The trouble with this black box maneuver — of which the show has grown overfond — isn't just that it's a cheat that excuses the writers from tackling the hard transitions that make a series great. In fact, the only thing worse than crucial Conversations That Must Have Happened is the presumption that otherwise no one talks to each other offscreen. I'm sorry, but there's no way that Jaime hasn't turned to Cersei when they're in bed and said, "Hey, you've been kinda cagey about your plans with this Euron guy. You keep talking about marrying him. What gives?" There's no way Sansa and Arya and Bran haven't sat at the dinner table and talked — however awkwardly — about things.
Those omissions mess with characterization. "The Dragon and the Wolf" was delightful in many ways, but in this respect, it's no different. Cersei's double fakeout seemed like great stuff as it was happening, and Lena Headey was magnificent in that scene with Tyrion. In hindsight, though, none of the plans on the table made much sense. Plenty has been written about how Tyrion's plan to convince Cersei to join Jon and Daenerys by showing her a wight seemed unlikely to work. Sure enough, it doesn't: Cersei walks away from the negotiating table. Fine: This seems to show that the writers recognize that Tyrion's plan was pretty crummy.

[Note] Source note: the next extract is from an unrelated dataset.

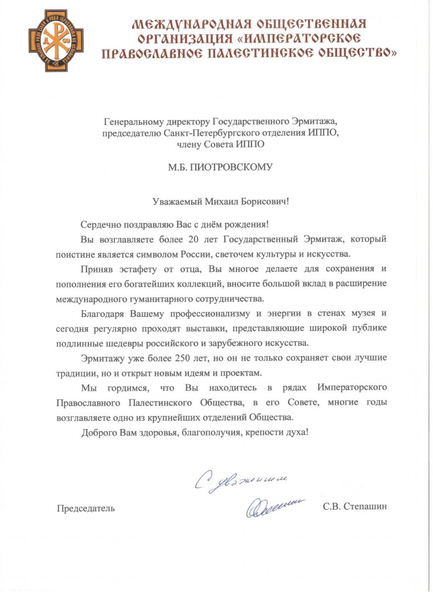 Председатель ИППО Сергей Степашин тепло поздравил Михаила Борисовича, поблагодарив за активную работу в Императорском Православном Палестинском Обществе, за содействие в реализации научных и культурно-просветительских проектов.
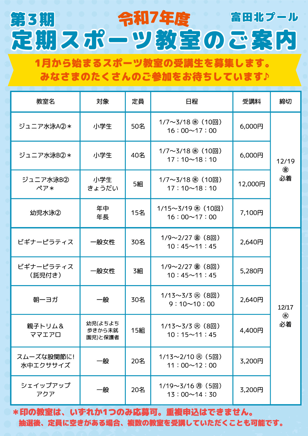 ※工事、プール水抜き清掃等のため臨時休場する場合があります

But then Tyrion, undaunted, and fully aware that he's her least favorite person, decides at great personal risk to go back and convince her. Against all odds, he seems to succeed! Now at first, this felt to me like the show putting its thumb on the scales and showing Tyrion's extremely high-risk plan working. (Although the wight demonstration was more effective than I expected, I have to admit.) I honestly would have accepted it, too: The tension in that scene was so intense and raw that I could almost have believed feelings running that high could generate an unexpected outcome.
But no! It turns out he never had a prayer! Cersei's intensity of feeling in her scene with him was all an act; she was calculating and strategic throughout, and only pretending to agree. She planned for Tyrion to detect her pregnancy (which could also be fake). She outsmarted him by planning to do none of the things she promised.
This, too, seemed cunning in the moment! But there is a problem with Cersei's plan. If she promised to send troops — which no one asked her to do, by the way — and then she just doesn't send them, it buys her … what? A few days before someone notices? The plan might have worked if she hadn't gone the extra mile and promised to march north with her enemies. As it stands, it seems like her deception would be pretty easy to detect quickly, even if Jaime weren't defecting. The double fakeout that initially scanned as a demonstration of Cersei's strategic brilliance turned out to be kind of disappointing. And the black box that framed it turned out not to contain much.
In the meantime, the wall has crumbled. The spell is gone. And while we have no direct confirmation as to whether Tormund and Beric died in the Night King's demolition, there are clues. Sometimes, when I try to understand a show's motives, I play a little game. I assume the worst. Game of Thrones has become a show where people don't die offscreen — they barely even die onscreen. And the worst reason the show could possibly have for not showing two beloved characters dying in a spectacle specifically engineered to look as lethal and inescapable as possible is the cheap uncertainty a black box provides — which will no doubt be used to surprise us.